-- Opening Marker --

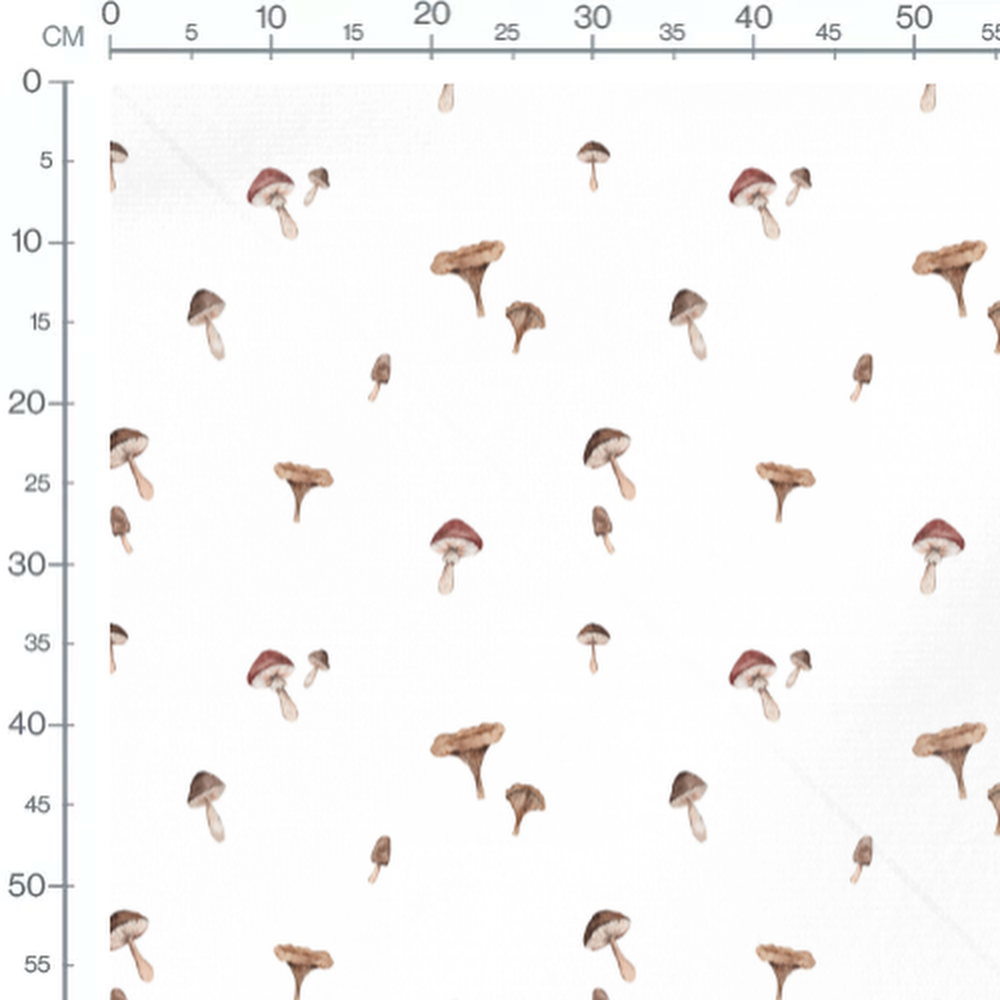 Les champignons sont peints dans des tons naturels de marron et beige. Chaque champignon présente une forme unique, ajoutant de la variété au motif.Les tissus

-- Closing Marker --
-- Opening Marker --

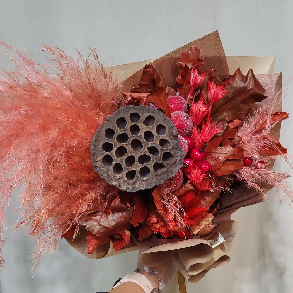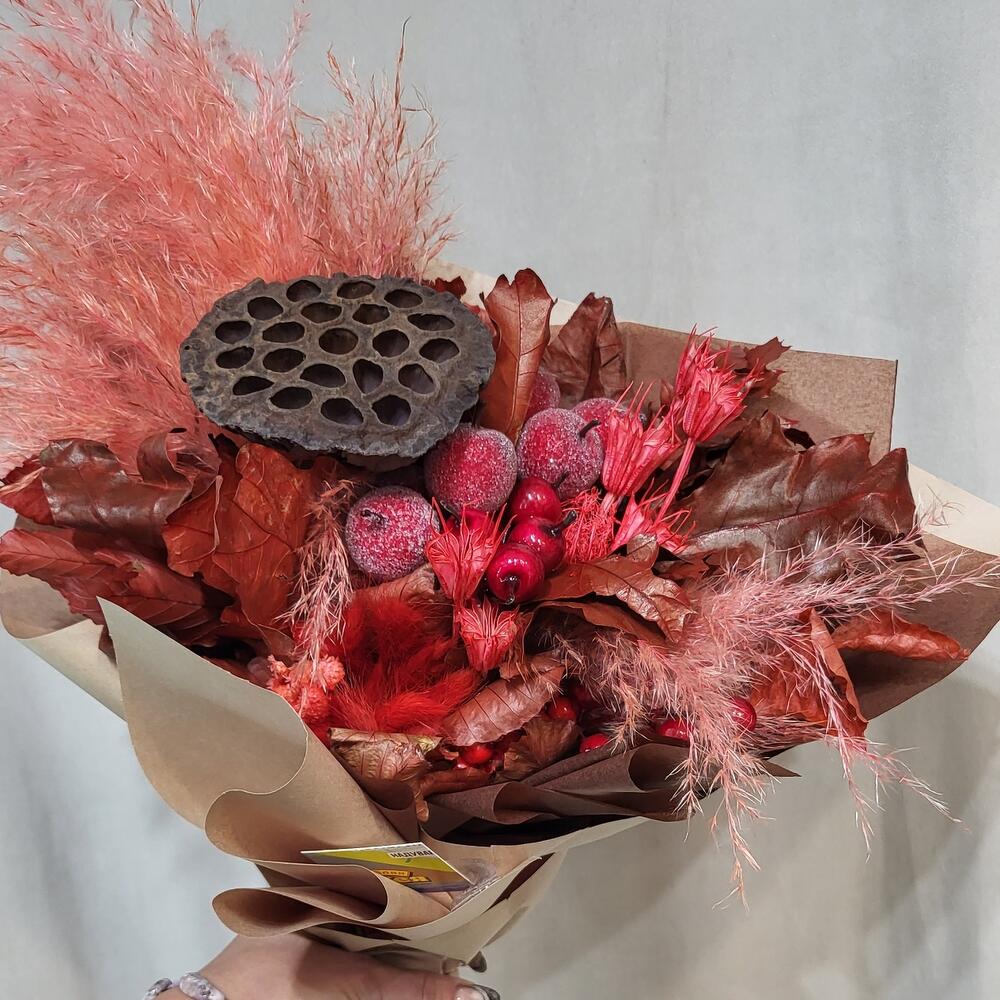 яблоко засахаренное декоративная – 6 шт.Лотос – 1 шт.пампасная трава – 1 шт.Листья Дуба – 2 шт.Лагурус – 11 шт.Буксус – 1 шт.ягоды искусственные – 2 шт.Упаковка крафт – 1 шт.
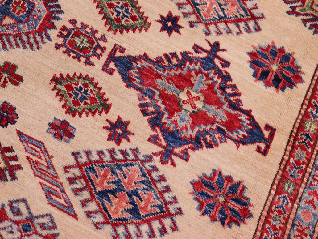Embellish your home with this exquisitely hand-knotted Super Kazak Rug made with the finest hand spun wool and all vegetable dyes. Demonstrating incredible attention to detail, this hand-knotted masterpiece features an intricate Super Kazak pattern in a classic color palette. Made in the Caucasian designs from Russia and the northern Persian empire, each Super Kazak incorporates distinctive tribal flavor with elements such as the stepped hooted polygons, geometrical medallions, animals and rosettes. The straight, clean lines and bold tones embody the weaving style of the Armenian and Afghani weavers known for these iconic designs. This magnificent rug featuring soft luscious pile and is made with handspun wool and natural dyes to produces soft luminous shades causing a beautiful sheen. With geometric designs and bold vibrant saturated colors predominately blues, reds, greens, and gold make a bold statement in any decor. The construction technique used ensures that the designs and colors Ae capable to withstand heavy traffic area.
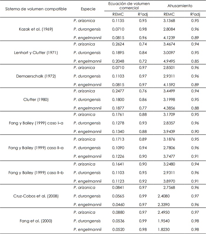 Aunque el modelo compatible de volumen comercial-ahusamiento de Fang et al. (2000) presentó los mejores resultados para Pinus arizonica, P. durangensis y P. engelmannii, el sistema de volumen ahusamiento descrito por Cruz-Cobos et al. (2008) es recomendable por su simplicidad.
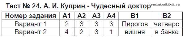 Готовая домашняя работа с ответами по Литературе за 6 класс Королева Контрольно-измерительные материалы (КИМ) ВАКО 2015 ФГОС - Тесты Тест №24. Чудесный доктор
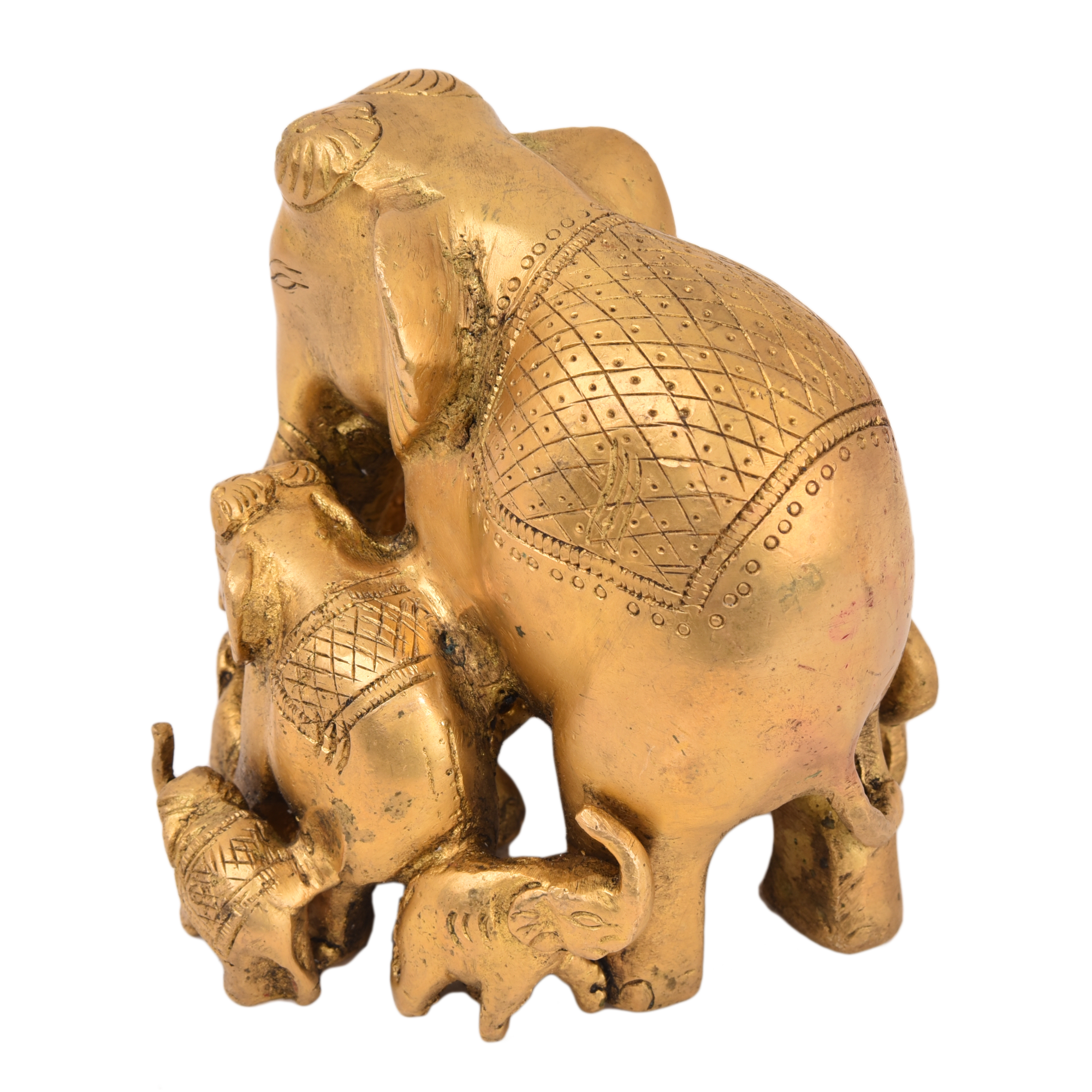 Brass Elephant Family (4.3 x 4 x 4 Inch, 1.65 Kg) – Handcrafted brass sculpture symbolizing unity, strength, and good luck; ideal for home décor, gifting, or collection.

-- Closing Marker --

**TASK OBJECTIVE:**
Work from the entries above. Set down exactly and only the lines from the line with "яблоко засахаренное декоративная" to the line with "Embellish your home", both included, and leave the pictures out.

**TASK RESPONSE:**
 яблоко засахаренное декоративная – 6 шт.Лотос – 1 шт.пампасная трава – 1 шт.Листья Дуба – 2 шт.Лагурус – 11 шт.Буксус – 1 шт.ягоды искусственные – 2 шт.Упаковка крафт – 1 шт.
Embellish your home with this exquisitely hand-knotted Super Kazak Rug made with the finest hand spun wool and all vegetable dyes. Demonstrating incredible attention to detail, this hand-knotted masterpiece features an intricate Super Kazak pattern in a classic color palette. Made in the Caucasian designs from Russia and the northern Persian empire, each Super Kazak incorporates distinctive tribal flavor with elements such as the stepped hooted polygons, geometrical medallions, animals and rosettes. The straight, clean lines and bold tones embody the weaving style of the Armenian and Afghani weavers known for these iconic designs. This magnificent rug featuring soft luscious pile and is made with handspun wool and natural dyes to produces soft luminous shades causing a beautiful sheen. With geometric designs and bold vibrant saturated colors predominately blues, reds, greens, and gold make a bold statement in any decor. The construction technique used ensures that the designs and colors Ae capable to withstand heavy traffic area.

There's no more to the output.